Frankfurt (ots) - Best Ager, Silver Surfer, Generation Gold oder doch schlicht 'im besten Alter'? Welche Bezeichnung ist nach dem Eintritt ins Rentenalter angemessen - und trifft das Lebensgefühl der Angesprochenen am besten? Bei der Frage der Altersbeschreibung galt bislang nur eines als sicher: Der Begriff 'Senioren' ist bei Älteren stark negativ besetzt. Eine These, die nun revidiert werden muss, wie eine aktuelle Umfrage von Feierabend.de zeigt.

Die Bezeichnung "Senioren" zählt inzwischen zur bevorzugten Selbstbezeichnung der Männer und Frauen über 60. Die Erhebung unter 2.140 Mitgliedern des größten deutschen sozialen Netzwerks für Ältere dokumentiert damit einen gesellschaftlichen Wandel der Altersbilder, die sich auch in einem neuen sprachlichen Selbstverständnis widerspiegeln.
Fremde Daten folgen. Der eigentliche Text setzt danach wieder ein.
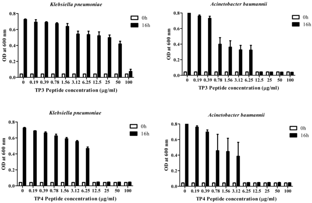 Dose-dependent growth inhibition of clinical isolates of carbapenem-resistant Acinetobacter baumannii (Sk44) and NDM-1-producing Klebsiella pneumonia (NDM-1) by incubation with TP3 or TP4 for 16 h. The data are expressed as means of three replicates. Error bars represent the standard derivation (SD). OD, optical density.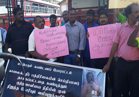 යාපනයේ Kalai kathir,මොනිං රයිස් (Morning rise) පුවත් පතේ සෙල්වරාසා රාජේන්ද්රන් නම් මාධ්යවේදියාට හදුනා නොගත් කණ්ඩායමක් මහ මගදි පහරදි ඝාතනය කිරිමට ගත් උත්සහය වෙබ් මාධ්යවේදීන්ගේ ජාතික ව්යාපාරය දැඩි ලෙස හෙළාදකිමු.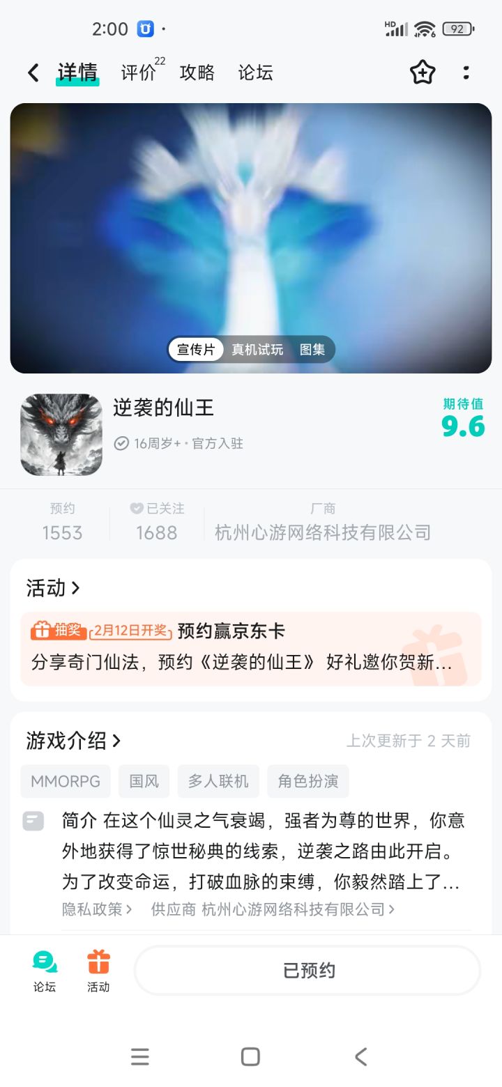 途浩渺,修仙之路波澜壮阔!唯有勇者才能突破命运的束缚,逆天改命。新春之际,与你一同书写属于我们的仙缘,开启一段全新的逆袭之旅!现在在评论区晒出你的预约截图,并介绍「你最想获得的仙法」,就有机会获得京东卡奖励!快来踏上修仙之路,逆天改命,问鼎仙王!活动规则【活动时间】2025年1月25日—2025年2月12日23:59【活动奖励】京东卡50元*1,共计抽取1人【参与方式】第一步:游戏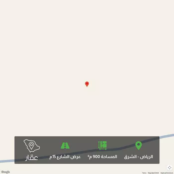900 م² أرض في الشرق، الرياض معروضة بسعر ٢٩٧٬٠٠٠ ريال، أقل بنسبة 50% من متوسط سعر الحي البالغ ٥٩٨٬٩٥٠ ريال. بناءً على 650 عقار مشابه.

Mit einer Zustimmung von 61,3 Prozent attestiert weit über die Hälfte der Umfrageteilnehmer dem Begriff der Senioren eine positive Konnotation. Mehr als ein Drittel der Feierabend-Mitglieder, genauer 38 Prozent, schätzen zudem die neutrale Begrifflichkeit der "Generation 50plus". Bezeichnungen wie "Generation Gold" oder "Silver Ager", beides Begriffe, die von Werbetreibenden lange favorisiert wurden, lehnen die Befragten dagegen mit einem Akzeptanzwert von weniger als drei Prozent eindeutig ab. Gleiches gilt für die Wortschöpfung "Best Ager", mit der sich nur fünf Prozent der Teilnehmer identifizieren können.

"Lange Zeit war der Ausdruck Senioren in der allgemeinen Wahrnehmung nicht mehr als eine höflichere Umschreibung für das Attribut alt. Dass viele Ruheständler diesen Begriff jetzt selbstverständlich für sich in Anspruch nehmen, kommt einer Sensation gleich", ist Feierabend-Gründer Alexander Wild überzeugt. Für ihn spiegeln die hohen Zustimmungswerte ein neues Selbstbewusstsein wider: "Die Zielgruppe der über 60jährigen beansprucht durch die Eigenbenennung als Senioren die Deutungshoheit über den Begriff und führt ihn nun selbstbewusst als Ausdruck von Erfahrung und Kompetenz ins Feld."

Noch vor zwölf Jahren ließ sich bei der befragen Zielgruppe kein Konsens über bevorzugte Altersbezeichnungen festmachen. "2003 haben die Teilnehmer unserer Umfrage tradierte Bezeichnungen, allen voran den Seniorenbegriff, mit großer Mehrheit abgelehnt. Damals trat deutlich zutage, dass die Benennung als Senioren mit den negativen Begleiterscheinungen des Alterns, also körperlichen Defiziten und Krankheit in Verbindung gebracht wurde. Hier hat sich viel getan: Ein differenzierteres und letztlich positiveres Bild des Alterns, wie es sich derzeit durchsetzt, ist im Umgang mit dem demografischen Wandel außerordentlich sinnvoll - und für unsere Gesellschaft eine Bereicherung", so Wild.